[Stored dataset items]
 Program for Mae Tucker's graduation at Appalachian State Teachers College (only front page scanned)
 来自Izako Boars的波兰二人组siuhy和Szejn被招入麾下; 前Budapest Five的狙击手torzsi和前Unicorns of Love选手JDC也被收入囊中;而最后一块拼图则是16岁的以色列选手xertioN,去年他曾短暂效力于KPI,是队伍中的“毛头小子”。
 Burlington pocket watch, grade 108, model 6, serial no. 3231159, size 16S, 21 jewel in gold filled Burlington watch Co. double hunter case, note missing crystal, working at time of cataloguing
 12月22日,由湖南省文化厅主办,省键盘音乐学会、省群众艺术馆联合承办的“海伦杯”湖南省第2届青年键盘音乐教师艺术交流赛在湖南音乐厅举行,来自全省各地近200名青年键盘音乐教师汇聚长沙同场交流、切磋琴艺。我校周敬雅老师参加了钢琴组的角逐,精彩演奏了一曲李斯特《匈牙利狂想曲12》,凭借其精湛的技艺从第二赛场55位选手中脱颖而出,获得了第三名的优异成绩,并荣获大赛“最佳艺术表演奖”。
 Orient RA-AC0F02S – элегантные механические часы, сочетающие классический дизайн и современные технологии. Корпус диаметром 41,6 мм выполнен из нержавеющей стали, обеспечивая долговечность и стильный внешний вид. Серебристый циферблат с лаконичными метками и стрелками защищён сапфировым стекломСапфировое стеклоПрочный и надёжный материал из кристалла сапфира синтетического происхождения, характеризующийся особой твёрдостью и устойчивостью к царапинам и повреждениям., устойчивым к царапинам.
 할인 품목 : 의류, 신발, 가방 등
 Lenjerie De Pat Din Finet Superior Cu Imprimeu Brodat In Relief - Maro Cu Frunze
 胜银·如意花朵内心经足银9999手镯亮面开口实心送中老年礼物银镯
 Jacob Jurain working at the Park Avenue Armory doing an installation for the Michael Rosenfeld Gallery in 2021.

Task to complete – Copy out all lines above that include the string "working".

Problem solution –
 Burlington pocket watch, grade 108, model 6, serial no. 3231159, size 16S, 21 jewel in gold filled Burlington watch Co. double hunter case, note missing crystal, working at time of cataloguing
 Jacob Jurain working at the Park Avenue Armory doing an installation for the Michael Rosenfeld Gallery in 2021.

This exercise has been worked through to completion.